= Banshenchas =

Medieval text

An Banshenchas (literally "the woman lore") is a medieval text which collects brief descriptions of prominent women in Irish legend and history into a poetic narrative.

Unlike much of early Irish literature, An Banshenchas may be attributed to a specific author and date. The introduction of the poem states that Gilla Mo Dutu Úa Caiside, of Ard Brecáin in Meath, composed it in 1147.

==Content==

An Banshenchas is framed in a historical context and starts with Eve and other biblical women, moves to the legendary women of Irish mythology such as Étaín and Emer, then completes with later-day characters who are almost certainly historical, including a few women of the Hiberno-Norse aristocracy.

The references to each of the characters within are short; a few lines at most. For example, in regard to some early biblical figures:

Adam, Seth, pious Sili and Cain were the four first men who propagated multitudes. Eve, Olla, Pib and Pithib (women of power in the eternal world) bore the beautiful race: prosperous before the Flood and miserable afterwards. Eve was the only wife of mighty Adam. Olla was spouse of blameless Seth. Pib was the name of the wife of guilty Cain. She did not avoid evil. Pithib was wife of Sili of the prophets. Whiter than foam was her body.

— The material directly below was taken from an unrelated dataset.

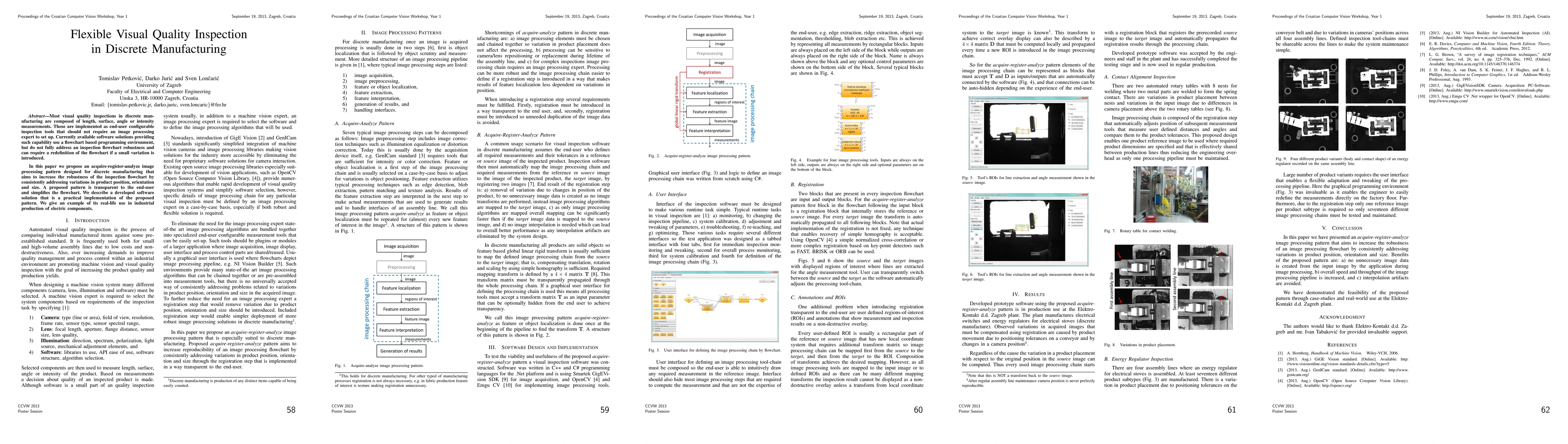This paper presents an acquire-register-analyze image processing pattern to enhance the robustness of visual quality inspections in discrete manufacturing, addressing variations in product position, orientation, and size. The proposed solution simplifies inspection flowcharts, making it user-friendly and applicable to industrial production, as demonstrated in the manufacturing of electric components.

Or regarding some of the legendary women of Ireland:

Etain was wife of Eochu Aireman, Esa was her daughter, evil were her rites. Her name is given to a lofty spot, allied by her crimes to pollution. Mes Buachalla was Esa's daughter. By her methods mariners were coarsened.

The stories of some of these women are known from other sources, ranging from the Book of Genesis, to the Wooing of Etain to other, less-well known sources. Some of the names within An Banshenchas are today just names that hint at stories that are long-lost but were known to Ó Caiside and his contemporaries.

==Manuscripts==

Copies of An Banshenchas are found in the Book of Leinster, Leabhar Ua Maine, and the Great Book of Lecan. Like the dinsenchas ("place lore") poems, the banshenchas poems are accompanied by prose commentary probably of a slightly later date.